Only the lines from the one containing "2024년 갑진년해를 맞아 2월 가족사랑의 청룡과 관련된 활동을 준비하였습니다." through the end of the records should be retyped, exactly and including both ends; pictures stay out.

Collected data

>>>

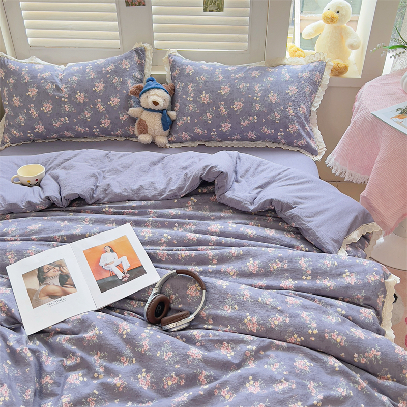 (总)壹号库 2025秋冬新款针织双层纱小清新印花四件套(专版花型),安琪拉兔,半亩花田,蝶舞,丁香紫,芳华,海盐可可,花间,花漾年华,里德油画,罗格先生,茉莉青提,奶兰芝士,奶油波点,南瓜派,桃金娘,田园诗,甜心,蔚兰,西高地,闲趣花开,樱桃甜心,崽崽,枕边童话,栗子蛋糕,萌萌狗,百福,海盐拿铁,豆蔻,甜茶,蕾丝小兔,油画少女
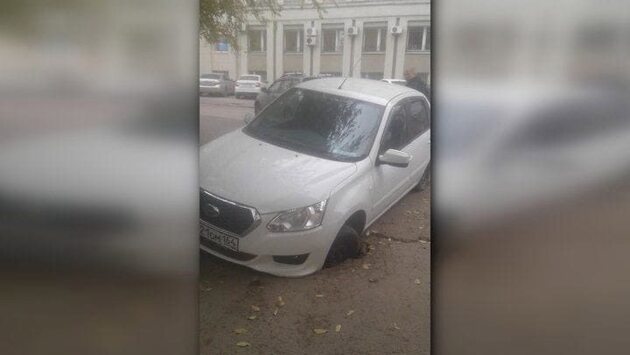 Администрация отреагировала на ситуацию с провалившейся в яму машиной в центре Саратова
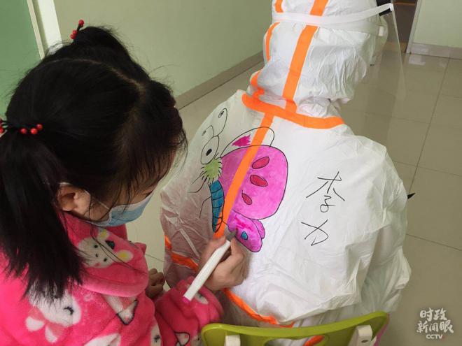 △住在武汉儿童医院的新冠肺炎患儿,看到被防护服层层包裹的医务人员,第一反应是害怕和抗拒。护士王佳平时很喜欢画画,她灵机一动,想到在防护服上画画与小朋友交流,让他们通过画来认识医务人员,减轻恐惧,增进感情。(武汉儿童医院提供)
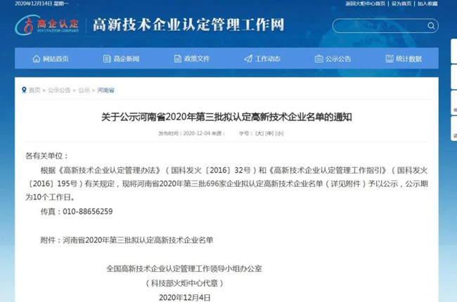 根據(jù)家《高新技術(shù)企業(yè)認(rèn)定管理辦法》(科發(fā)火〔2016〕32號(hào))和《高新技術(shù)企業(yè)認(rèn)定管理工作指引》(科發(fā)火〔2016〕195號(hào))有關(guān)規(guī)定,12月4日,高新技術(shù)企業(yè)認(rèn)定管理工作導(dǎo)小組辦公室在官網(wǎng)上對(duì)河南省2020年第三批擬認(rèn)定高新技術(shù)企業(yè)名單進(jìn)行了公示。
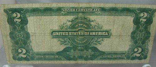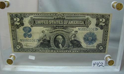 1899 $2.00 Silver Certificate F - encased in Lucite
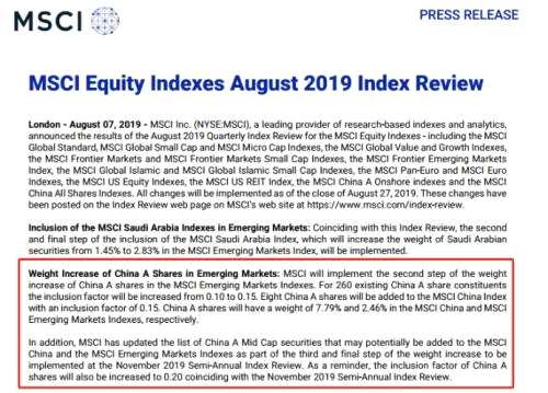 北京時(shí)間8月8日早晨,MSCI公布8月季度評(píng)議的最終決定。作為2019年8月季度指數(shù)審議的一部分,MSCI把中國(guó)大盤A股納入因子從10%增加至15%,將在8月27日收盤后生效。
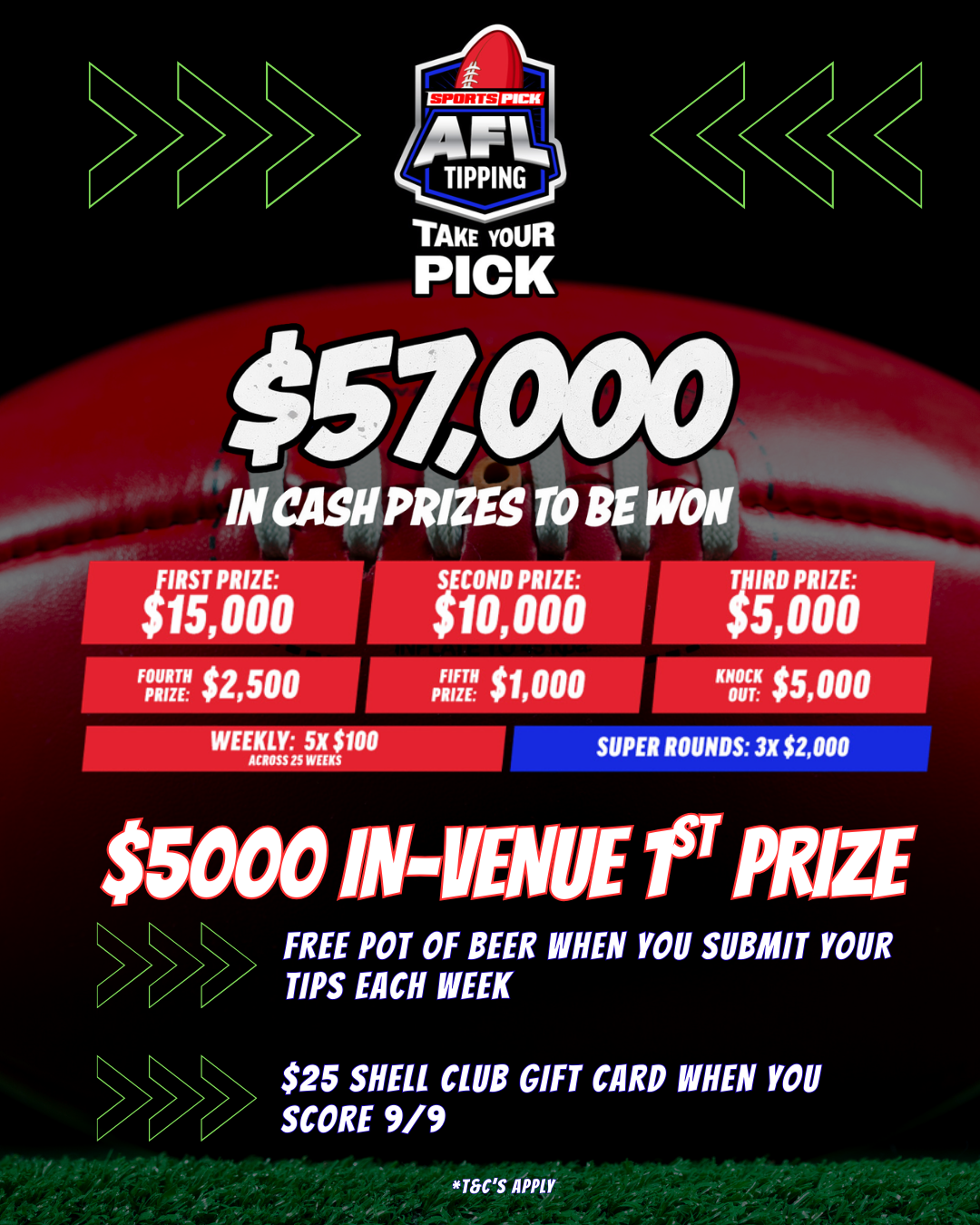 What better way to enjoy the 2026 AFL season than with SportsPick’s AFL Super Tipper and a massive $57,000 prize pool? Dominate your local round to qualify for one of three high-stakes Super Rounds, where $2,000 is on the line and the best footy tippers go head-to-head for glory.
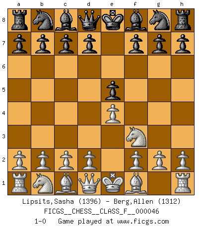 Last move : 1-0 2007 October 25 8:4:49 [Event "FICGS__CHESS__CLASS_F__000046"] [Site "FICGS"] [Date "2007.09.14"] [Round "1"] [White "Lipsits,Sasha"] [Black "Berg,Allen"] [Result "1-0"] [WhiteElo "1396"] [BlackElo "1312"] 1.e4 e5 2.Nf3 1-0 This chess game has been lost on time (started : 2007.09.14 14:57:54) King's knight Opening Player White won this chess game. Follow this game move after move (download)I give 98 percent of my mental energy to Chess. Others give only 2 percent. (Bobby Fischer) Gegen einen Schachcomputer zu verlieren ist wie Löcher in den Strümpfen zuhaben. Es ist nicht peinlich, solange man der einzige ist der es weiß. (Anonymous) Aquel que teme a un Peón de Reina aislado, debería de retirarse del Ajedrez. (Siegbert Tarrasch) Mais n'est-ce pas déjà le limiter injurieusement que d'appeler les échecs un jeu? N'est-ce pas aussi une science, un art, ou quelque chose qui, comme le cercueil de Mahomet entre ciel et terre, est suspendu entre l'un et l'autre, et qui réunit un nombre incroyable de contraires ? (Stefan Zweig) After growing wildly for years, the field of computing appears to be reaching its infancy. (John Pierce)
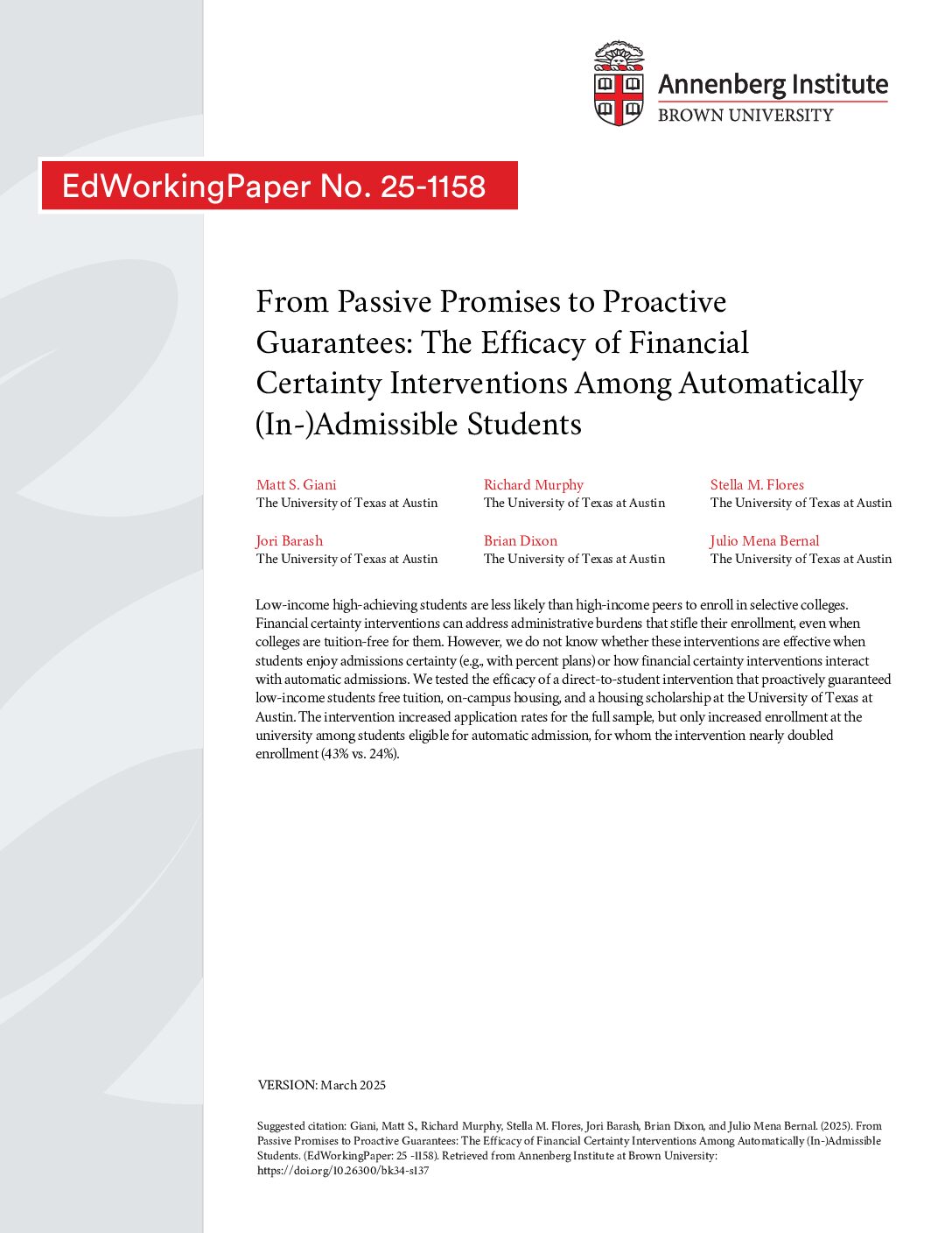 From Passive Promises to Proactive Guarantees: The Efficacy of Financial Certainty Interventions Among Automatically (In-)Admissible Students (2025)
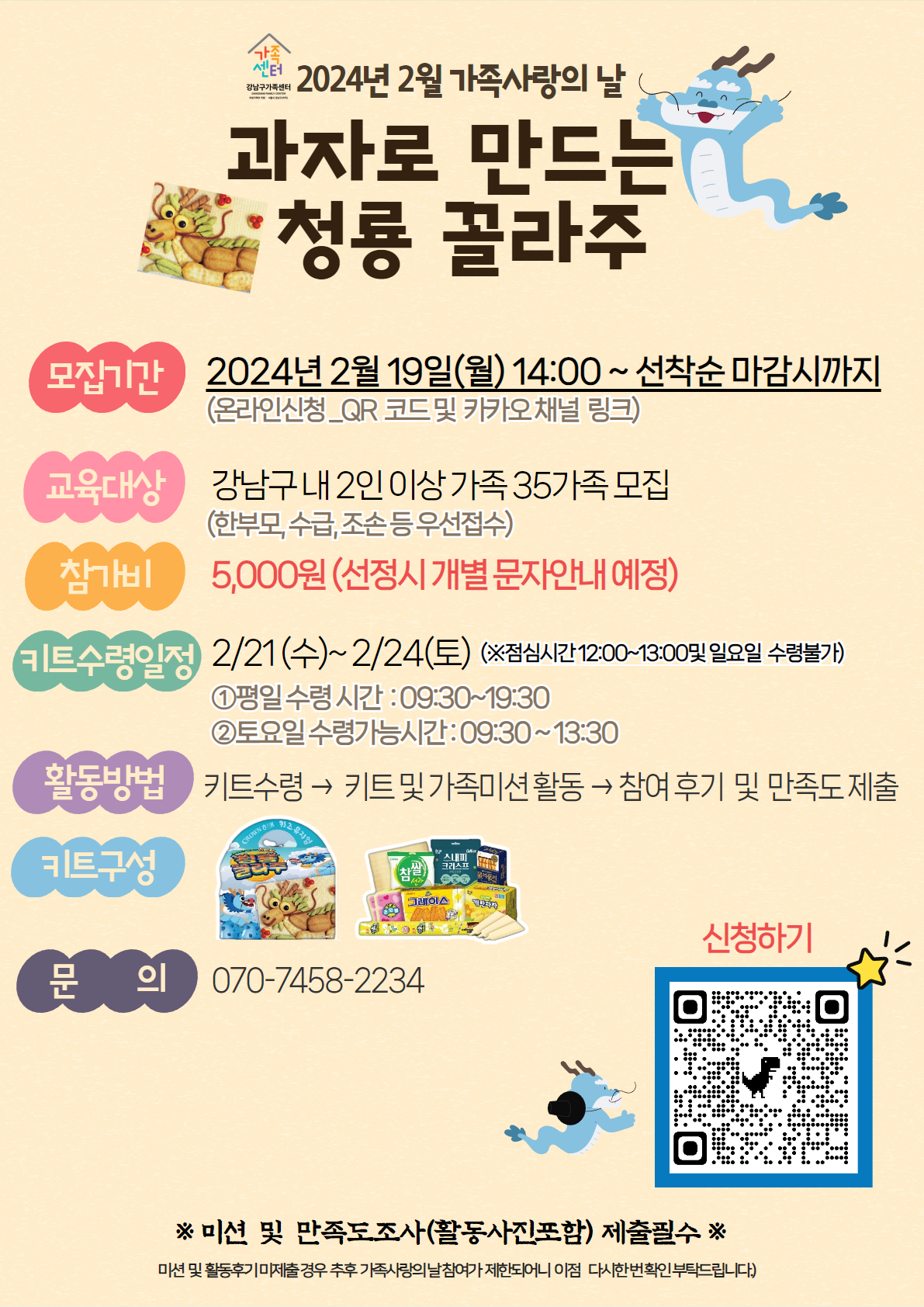 2024년 갑진년해를 맞아 2월 가족사랑의 청룡과 관련된 활동을 준비하였습니다.
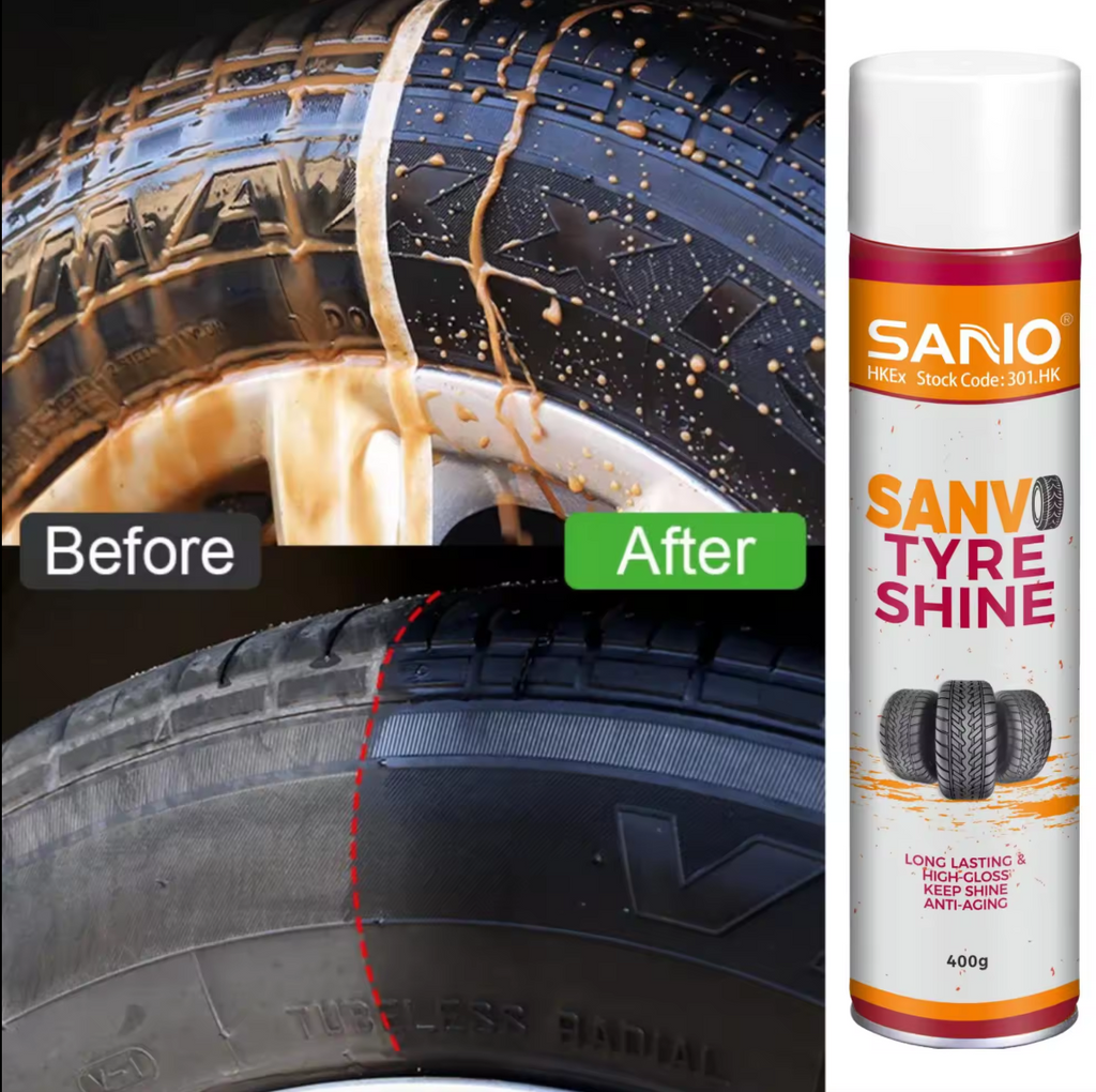 SANVO Tire Foam Cleaner Aeropak Foaming Tyre Care contains a macromolecule ingredient that penetrates, to remove road grime, brake dust, dirt, film, and grease. Foaming Tyre Care provides long lasting protection and rejuvenate browning and aging tyres and is specifically created to leave a spot free finish.

<<<

OUTPUT OF THE EXERCISE =>
 2024년 갑진년해를 맞아 2월 가족사랑의 청룡과 관련된 활동을 준비하였습니다.
 SANVO Tire Foam Cleaner Aeropak Foaming Tyre Care contains a macromolecule ingredient that penetrates, to remove road grime, brake dust, dirt, film, and grease. Foaming Tyre Care provides long lasting protection and rejuvenate browning and aging tyres and is specifically created to leave a spot free finish.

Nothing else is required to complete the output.